Secondly, we can create a healthy environment where there’s a sense that if someone wants, there are lots of things to do and people willing to help. This is as much about attitude as it is about physical space, although a well thought-out space is helpful. So, when they think of things that they’d like to try or do, we’re able to facilitate that. In our case, we’re often just a sounding board or a helping hand. We have to be careful not to get overly excited about their ideas and unconsciously hijack them. Many parents notice that if they push a project along faster than its natural course would take, they end up demotivating their children. Also, we’re really falling back into that place of fear if we’re celebrating when a ‘worthwhile’ activity comes along. See the next point…
Thirdly (and by far the hardest) is putting all judgement aside about what they’re doing. Whether it’s geography, cooking, discussing world politics, a new video game or a favourite YouTuber, they’re all worthy of our respect. It may be an activity that I don’t get any sense of purpose from, but they do. Here, no two days are ever the same, and often one activity dominates their minds for a little while then subsides and something else comes along. There’s a natural fluidity about it, and just when the doubts threaten to creep in, they’ve usually moved on to something else.
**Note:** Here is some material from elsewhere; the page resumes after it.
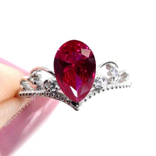 Ruby Diamond Pear Crown Tiara Royal Princess V Contoured Engagement Ring, Custom, 14kt 18kt Gold, Platinum, WanLoveDesigns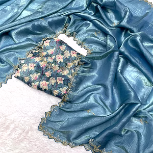 Introducing the exquisite Gold Crush Handmade Glass Tissue Saree, a true masterpiece that will leave you spellbound. This saree is a perfect blend of elegance and tradition, designed to make you stand out on any occasion. Crafted with utmost care and precision, this saree features delicate handmade glass tissue fabric that shimmers and shines with every movement. The intricate gold crush design adds a touch of opulence, making it a true work of art. The Gold Crush Handmade Glass Tissue Saree is not only visually stunning, but also incredibly comfortable to wear. The lightweight fabric drapes effortlessly and allows for easy movement, ensuring that you feel confident and at ease throughout the day or evening. Paired with the saree is a stunning Banglory Silk Blouse, designed to perfectly complement the saree's beauty. The blouse is crafted with premium quality silk, providing a luxurious and comfortable fit. Its intricate detailing and elegant design add an extra touch of glamour. This breathtaking saree is not just about looks, it also offers versatility and convenience. It can be effortlessly styled for both formal and casual occasions, making it a perfect choice for weddings, parties, festivals, and more. Invest in the Gold Crush Handmade Glass Tissue Saree and experience the epitome of luxury and style. Be the center of attention at every event and make a lasting impression. With its unique blend of craftsmanship, comfort, and elegance, this saree is a true treasure that will make you feel like royalty. So why wait? Embrace the allure of the Gold Crush Handmade Glass Tissue Saree and make a statement wherever you go. Order now and add a touch of sophistication to your wardrobe.

It’s been a big relief to me (and definitely to them) to embrace this shift. Even though the little schooling the children had was child-directed and relaxed, social conditioning is a powerful thing, and really trusting them still felt like a gigantic leap of faith. But, by trusting them, we are finally letting go of that constant, gnawing fear that comes from trying to control what isn’t ours to control. I see their innate need and desire to engage with life in a way that is worthwhile to them, and that has been a life changer for everyone.